Наконец, Шумный подвёл Зорьку к последней яме и прежде чем заглянуть в неё, придержал за руку и тихо предупредил:
— Будь осторожней с этой.
Зорька кивнула, но по её беспечному выражению лица, он понял, что атаманша пропустила его предупреждение мимо ушей, поэтому больше сам напрягся, да и сел на это раз к ней поближе. Люк открылся, и любопытная Зорькина мордашка сунулась в проём.
— Будь здрава, гостенька, — радостно поздоровалась она, вглядываясь в силуэт маленькой и хрупкой кутырки.
То, что перед ней девка на подросте, Зорька была уверена и это первое, что её удивило. Таких малолеток в еби-бабы не отправляли, а Шумный сказывал, что они все из этих. Сидящая на соломе кутырка ответила, так же поздоровавшись, не поднимая головы и не меняя позы.
— А как тебя кличут, девонька? Как к тебе обращаться? — продолжала тараторить Зорька, но радость в её голосе, почему-то стала уступать жалости к этой девке.
Та, всё так же внешне не реагируя, тихо ответила:
— Хавкой мени с детству кличут. Слыхала?
И тут она встала медленно и подняла лицо на Зорьку. Молодуху, как молнией пробило. Стукнуло и тряхануло так, что аж в зобе дыхание спёрло. Зубы лязгнули сжавшись, а меж ног что-то горячее разлилось. Какая она была страшная! Белое как снег лицо, испещрённое глубокими морщинами, как птичья жопка, маленькие белёсые глазки, не мигающие без ресниц и бровей. Сморщенный ротик, без губ и на всём этом фоне непропорционально длинный, заострённый, нос с синюшным отливом. Лохматая копна седых волос, вылезавшая из-под накинутого на голову куска шкуры, шевелилась. Так по крайней мере Зорьке по началу показалось. Из ступора ошарашенную атаманшу вывело лёгкое постукивание Шумного по её спине. Она тяжело глотнула. Тем временем выпрямившаяся вековуха, смотря в сторону открытого люка продолжала:
— Ну последни лет тридевять кликали не иначи, как матёра. А ты кто така бушь, красива?
— Я жена атамана, — ответила атаманша, приходя в себя после увиденного и в ней почему-то вспыхнула жуткая неприязнь к своей собеседнице и в ней, в качестве защитной реакции вдруг проснулась надменная атаманша, упрямая и своенравная «оторва», которой по правде сказать, она не перед кем в этом виде не выставлялась.

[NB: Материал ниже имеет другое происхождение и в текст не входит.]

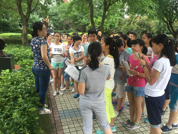 活動(dòng)中,2017級(jí)語文教師兼學(xué)校教師宣傳隊(duì)成員王宜老師帶領(lǐng)大家從校門口到讀書廣場(chǎng)進(jìn)行游覽,并為同學(xué)們?cè)敿?xì)介紹了學(xué)校基本情況:校門口的九龍爭(zhēng)奇,讀書廣場(chǎng)的地理園詳情,狀元橋的來歷……同學(xué)們一邊認(rèn)真聽著講解,一邊仔細(xì)做著筆記,時(shí)不時(shí)感慨平日里走過無數(shù)次的校園原來玄機(jī)暗藏。一路走來,此時(shí)的校園儼然變成了最熟悉的陌生人,令大家欣喜不已。

Тем временем вековуха, как бы само собой, продолжала, эдаким под сластённым мёдом голосом, стараясь быть как можно более безобидной:
— А я гляну ты с наших, речных бушь?
— Да, — спокойно, но уже уверенно и жёстко ответила Зорька, — из Нахушинских я, с Данухинского бабняка.
Хотя Зорьку в бабняк конечно никто не принимал, но насторожённость к этой несуразной вековухе и отсутствие какого-либо желания откровенничать, почему-то диктовало ответ именно в этом виде.

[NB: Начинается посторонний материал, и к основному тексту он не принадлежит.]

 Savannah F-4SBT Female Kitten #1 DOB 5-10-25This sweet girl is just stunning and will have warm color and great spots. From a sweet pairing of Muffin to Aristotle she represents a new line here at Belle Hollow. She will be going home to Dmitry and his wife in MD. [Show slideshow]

— Ишь ты, — вдруг всплеснула ручками «гостья» и что-то в её выражении лица неуловимо изменилось.
Зорька не заметила, а почувствовала это. В её мутных глазках сверкнул неподдельный интерес. Они резко сузились, и забегали по всему проёму лючка. По всему виду вековуха была слеповата и как следует рассмотреть Зорьку не могла, но тем не менее выдала:
— Так я теби знам, девонька. Ты ж Утриня Заря, молода жинка грозно итимана бушь, — вековуха беззубо улыбнулась и взгляд её глазёнок перестал метаться, а вместо этого в них заискрились слёзки, — ишь ты, итиманша!
Последние слова она произнесла с интонацией шутливо грозной мамки, поддевающей свою несмышлёную дочурку. Зорька, обескураженная таким резким изменением в поведении «гостьи», тем не менее не стушевалась и вида не показала, спросив всё так же твёрдо, даже с нотками надменности:
— А ты по чём знашь?
— Да как же мине мила ни знати-то? О те молва по всим зимлям литат, по всим буиракам шепчит. А мине так особливо за твоей судьбинушкой суждино приглядывати. Чай с детству за тобой пригляд имею.
Зорька медленно поднялась с колен на ноги, но встав так, чтоб видеть эту мерзкую вековуху в проём, спокойно, даже чем-то подражая мужу, спросила:
— С чего бы то тебе матёрой за чужой девкой приглядывать? Своих было мало?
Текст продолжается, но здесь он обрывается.